Work instructions. Take the material below and reproduce, word for word, only the lines from the line with "Thầy cô giáo" through the line with "Yusuf Yazıcı ·".

Exercise input.

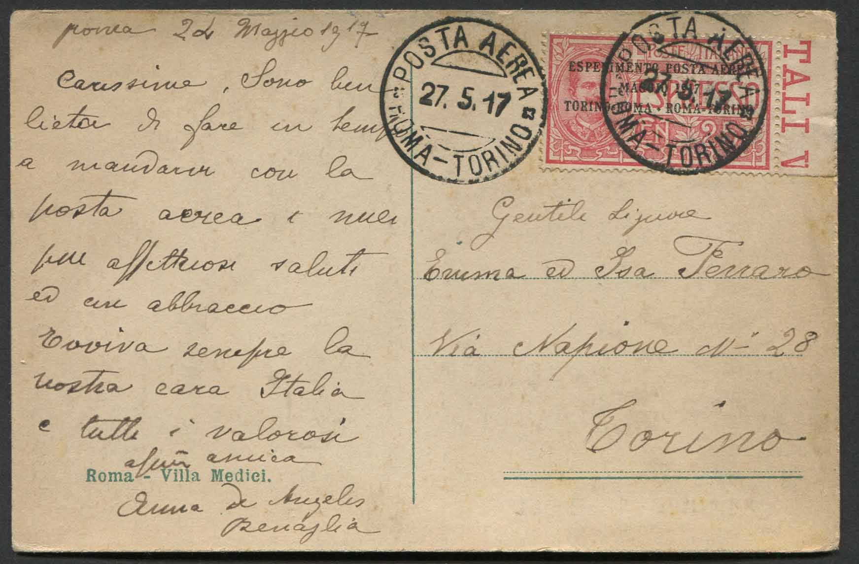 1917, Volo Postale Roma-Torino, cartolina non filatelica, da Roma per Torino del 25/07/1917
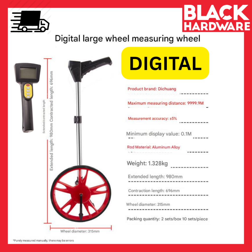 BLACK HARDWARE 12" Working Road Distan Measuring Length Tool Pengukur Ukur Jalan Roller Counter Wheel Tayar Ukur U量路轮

==

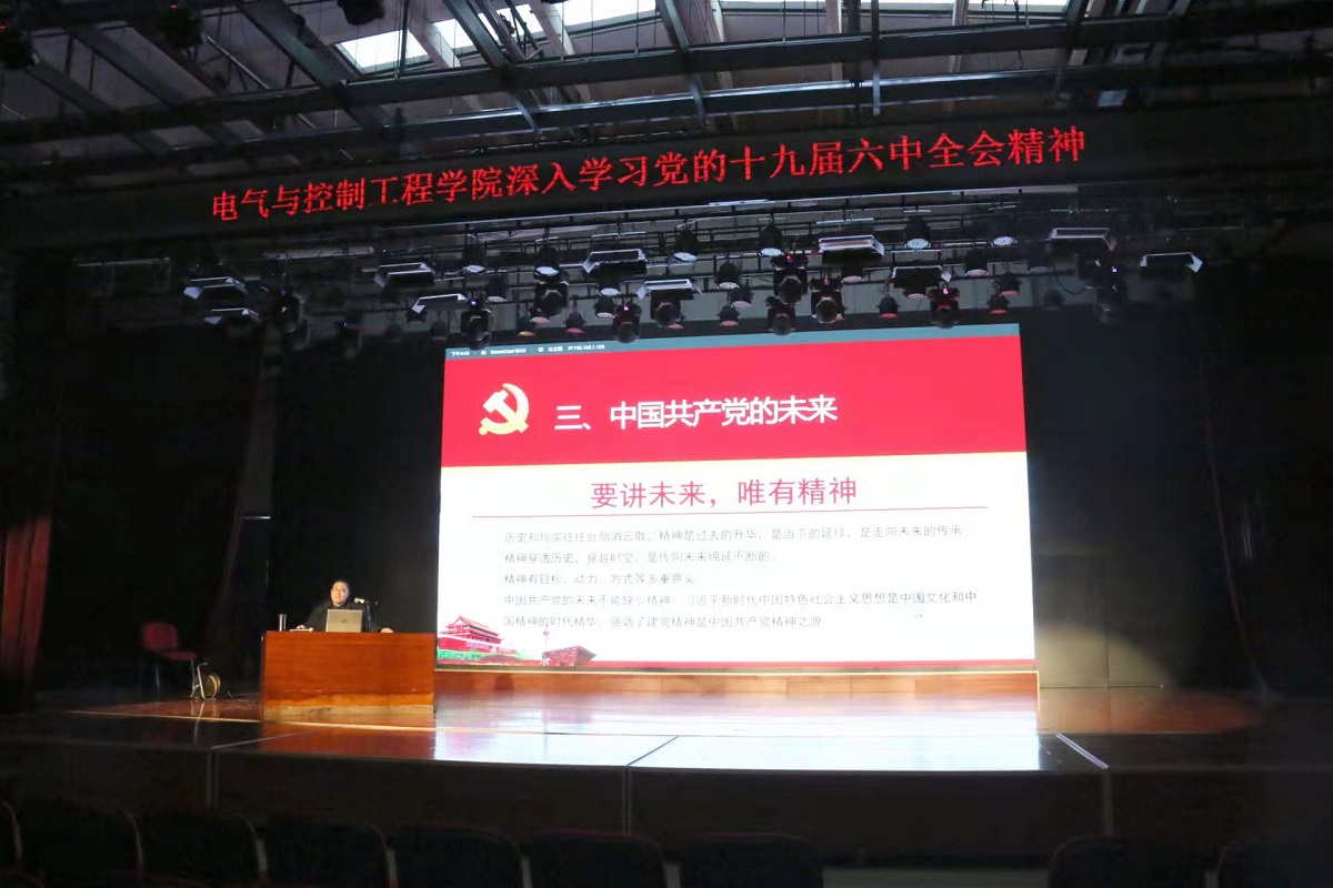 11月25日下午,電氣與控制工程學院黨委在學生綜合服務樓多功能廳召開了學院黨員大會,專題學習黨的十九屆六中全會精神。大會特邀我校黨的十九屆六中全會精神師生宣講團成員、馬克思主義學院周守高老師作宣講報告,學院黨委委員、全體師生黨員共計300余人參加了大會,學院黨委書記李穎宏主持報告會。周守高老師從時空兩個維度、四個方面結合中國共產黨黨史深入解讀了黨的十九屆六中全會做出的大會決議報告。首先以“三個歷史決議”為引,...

...

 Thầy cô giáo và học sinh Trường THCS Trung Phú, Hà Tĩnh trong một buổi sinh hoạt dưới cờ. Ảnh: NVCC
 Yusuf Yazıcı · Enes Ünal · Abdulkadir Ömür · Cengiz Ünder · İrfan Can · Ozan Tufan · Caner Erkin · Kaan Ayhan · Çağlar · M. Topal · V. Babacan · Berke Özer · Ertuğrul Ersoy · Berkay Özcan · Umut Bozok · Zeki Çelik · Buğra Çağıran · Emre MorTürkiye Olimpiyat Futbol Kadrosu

Your solution.
 Thầy cô giáo và học sinh Trường THCS Trung Phú, Hà Tĩnh trong một buổi sinh hoạt dưới cờ. Ảnh: NVCC
 Yusuf Yazıcı · Enes Ünal · Abdulkadir Ömür · Cengiz Ünder · İrfan Can · Ozan Tufan · Caner Erkin · Kaan Ayhan · Çağlar · M. Topal · V. Babacan · Berke Özer · Ertuğrul Ersoy · Berkay Özcan · Umut Bozok · Zeki Çelik · Buğra Çağıran · Emre MorTürkiye Olimpiyat Futbol Kadrosu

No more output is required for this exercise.